> _Exercise goal_:
Using the listing below, please print exactly the lines from the one with "A vintage mid" through the one with "パンツスーツ セットアップ レディース". Leave out every picture.
※
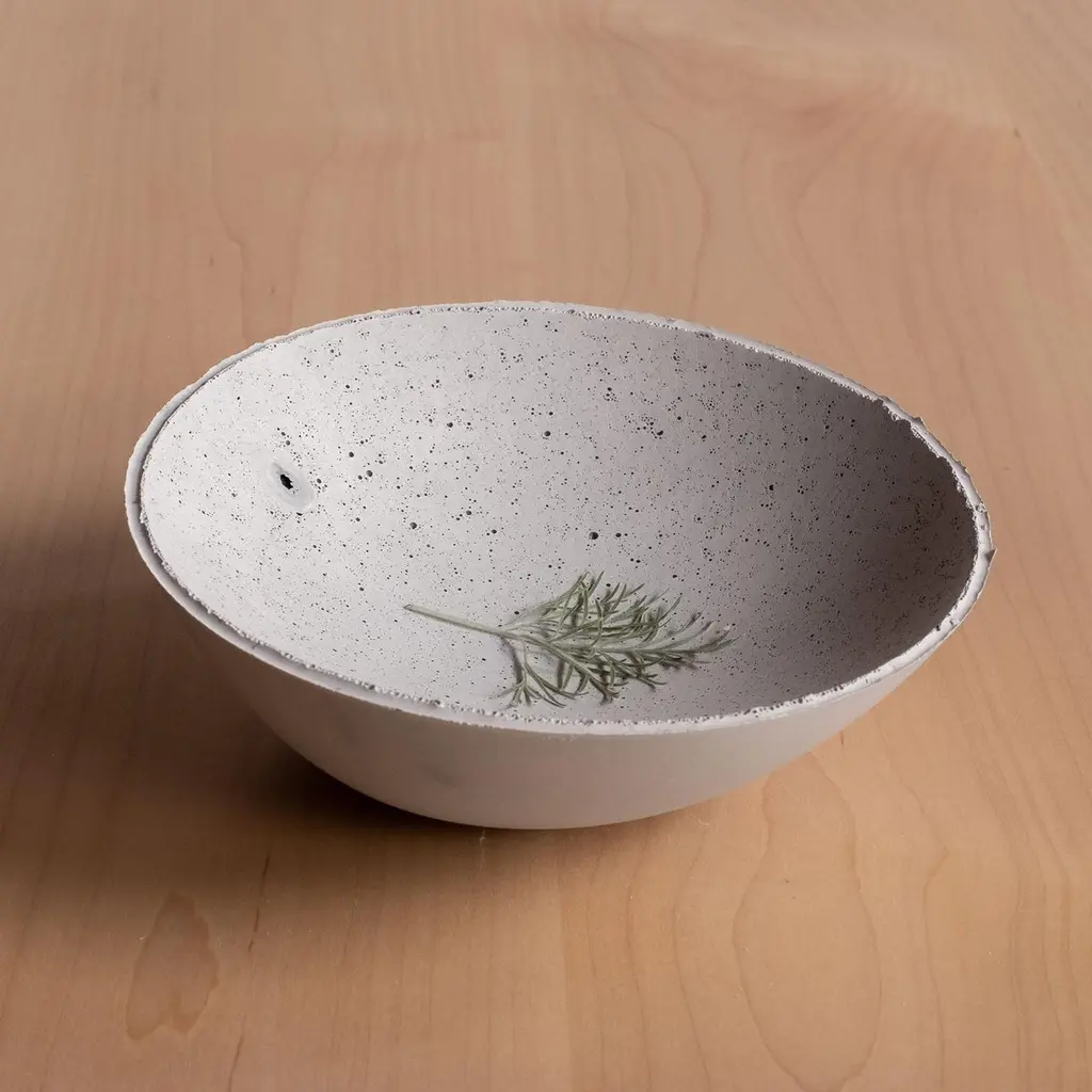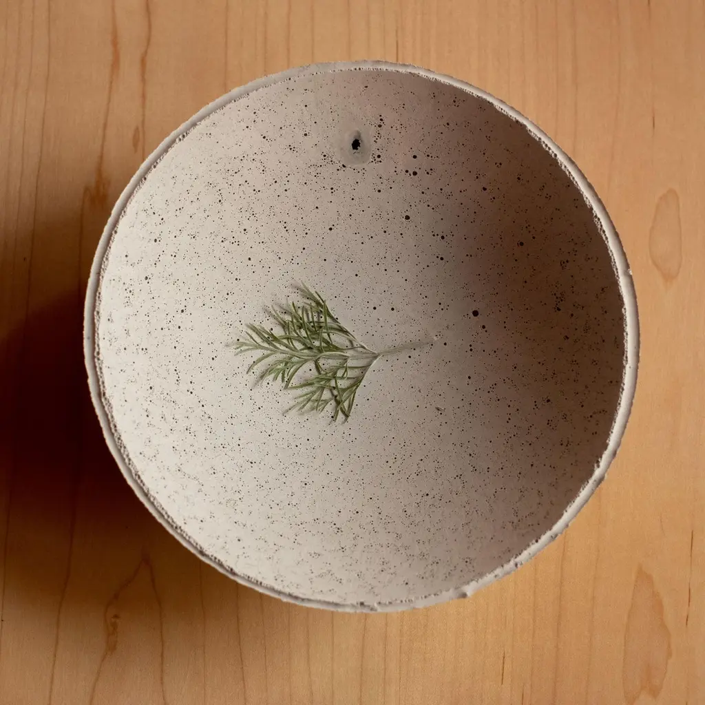 An edition of 150 unique bowls, the concrete Series by UMÉ Studio expresses the tension between heavy concrete and its delicate edge generated by hand pouring. While one assumes concrete should be strong and durable, it is, at its core, fragile. This duality invites touch and contemplation, making it the perfect vessel for daily inspiration and display. Each cast is a unique piece, handmade and one of a kind. Bowl 431GreyCast concrete / Gypsum cement / Mica and natural pigments Items are inherently fragile and should be handled with care, kept away from liquids. Bowls are not food safe.Pieces can be customized if ordered in quantities of six or moreSize: Diameter between 3 inches (7cm) - 13 inches (33cm)Height: Between 3 inches (7cm) - 8 inches (20cm)Color: White speckle, grey speckle, black.
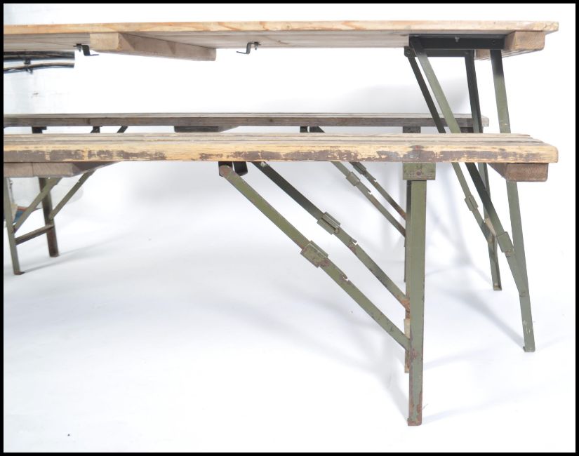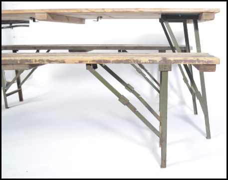 A vintage mid century war time Air Ministry folding refectory mess table  ( dining ) together with a set of folding benches. Stamped to underside with crows foot marking and makers.
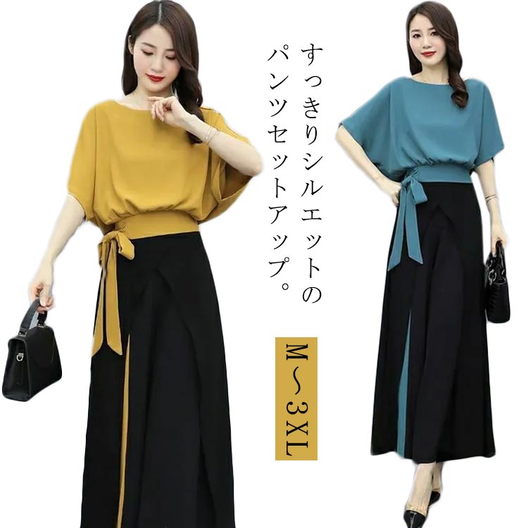 パンツスーツ セットアップ レディース シフォン パンツドレス 2点セット ワイドパンツ パーティードレス ロング パンツ ブラウス シャツ フォーマル 春 夏 秋 半袖 大きいサイズ スー
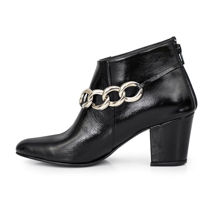 La Bota Mansfield es sinónimo de distinción. Su impecable acabado en cuero charol refleja elegancia en cada paso, mientras que su diseño depurado realza cualquier look con un aire refinado. El cierre lateral aporta comodidad sin sacrificar estilo, y su base de suela con suelín de goma garantiza una ...
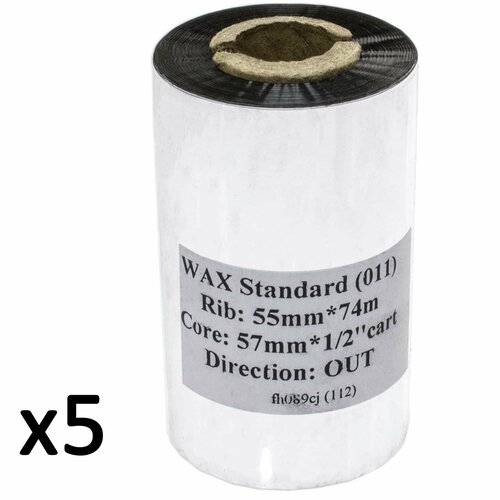 Набор 5 штук. Риббон Wax Standard (55 мм x 74 м x 1/2" x 57 мм OUT) (011)
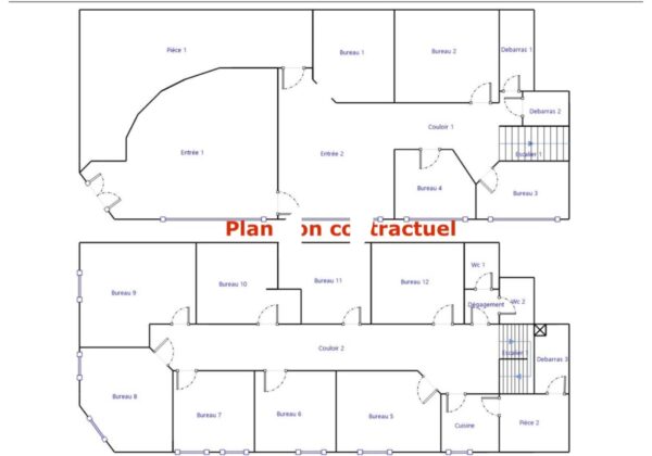 Sur 2 niveaux, ces bureaux bénéficient d'un accès de plain pieds en rez-de-chaussée et d'un étage directement accessible depuis le rez-de-Chaussée.
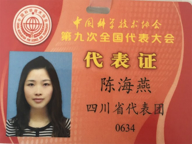 陈海燕同志作为四川省气象科技工作者代表有幸参加这次科技盛会,体现了各级党政对气象工作的重视,表明了科协组织对四川省气象学会工作的认同。同时,作为四川代表团年龄最小的一名代表,陈海燕同志积极建言献策,向大会提交了《推动气象灾害防御部门联动数据共享》、《调整科研经费管理方式提高事业单位科研人员积极性》两个提案,充分展示了年轻一代基层气象工作者积极向上的精神风貌。陈海燕表示,参加这次科技盛会深受鼓舞、倍感振奋,自己将在今后的工作中始终牢记“有多大担当才能干多大事业,尽多大责任才能有多大成就”,勇担重任,勇攀高峰,勇于创新,结合基层气象工作实际开展更多实用性、针对性强的科研项目,为地方经济社会发展和防灾减灾工作做出年轻气象科技工作者应有的贡献。 (四川省气象学会秘书处)
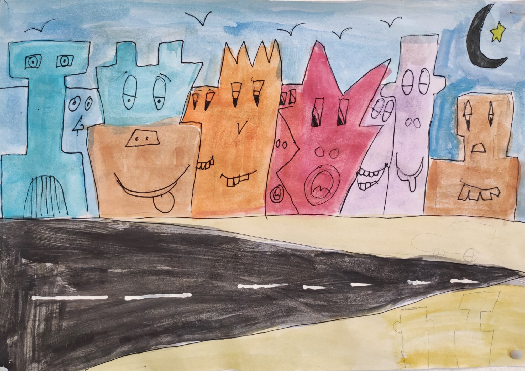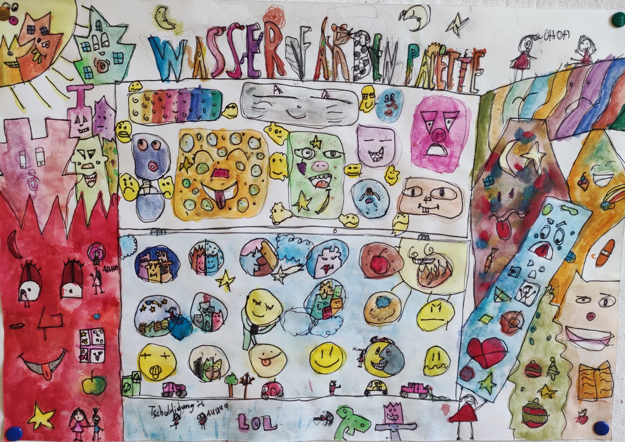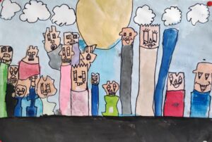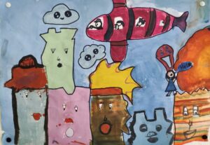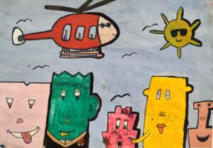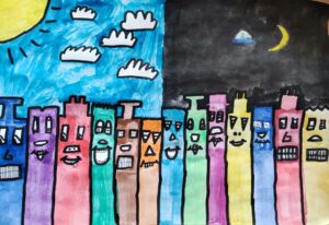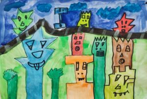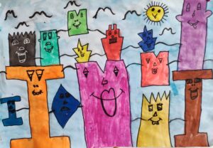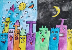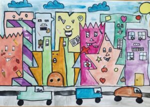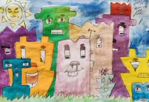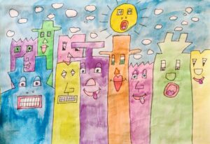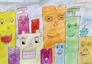In der BE- Stunde lernte die 1a den Künstler James Rizzi kennen. Mit Hilfe einer Würfelvorlage (für Hausform, Augen, Mund), gestalteten wir sodann unsere eigenen kleinen Städte im Rizzi-Stil.
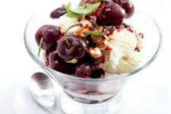 Een coupe vanille ijs met warme krieken en een toefje slagroom.
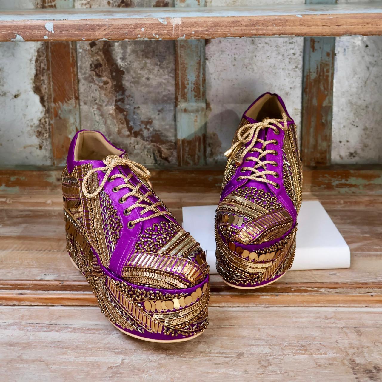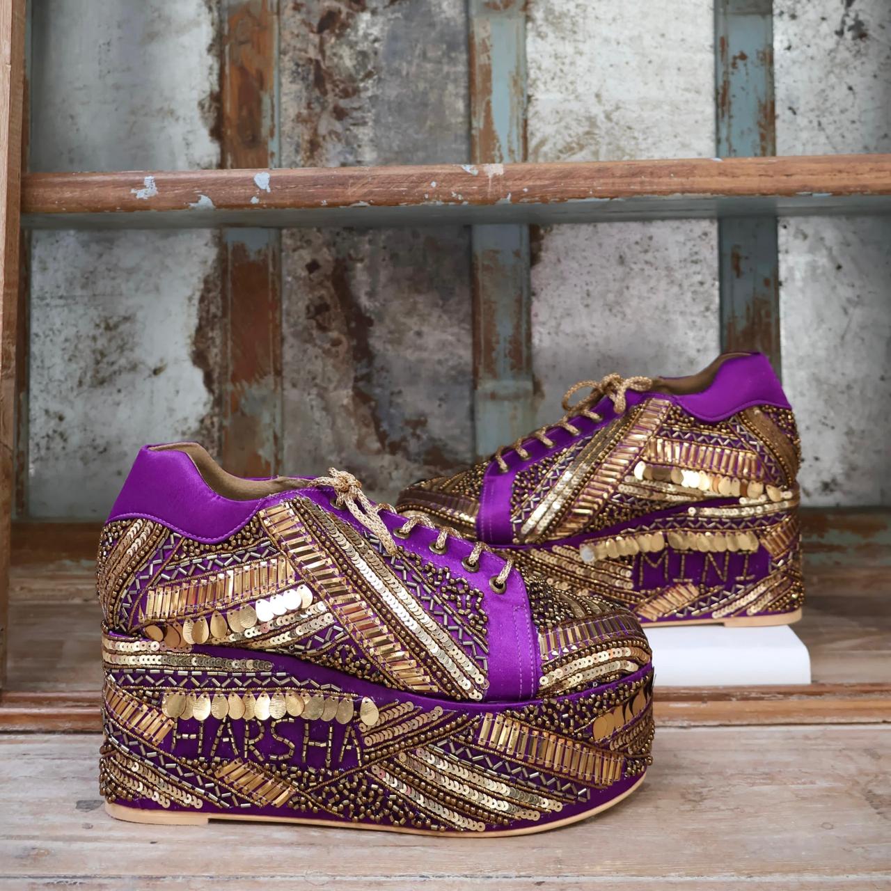 Looking for a sneakers that goes perfectly well with your wedding dress? Don't worry we got your back. Now you can dance your heart out in these Platform Wedges that matches your lehenga and embroidery <3
※
> _Exercise answer_:
 A vintage mid century war time Air Ministry folding refectory mess table  ( dining ) together with a set of folding benches. Stamped to underside with crows foot marking and makers.
 パンツスーツ セットアップ レディース シフォン パンツドレス 2点セット ワイドパンツ パーティードレス ロング パンツ ブラウス シャツ フォーマル 春 夏 秋 半袖 大きいサイズ スー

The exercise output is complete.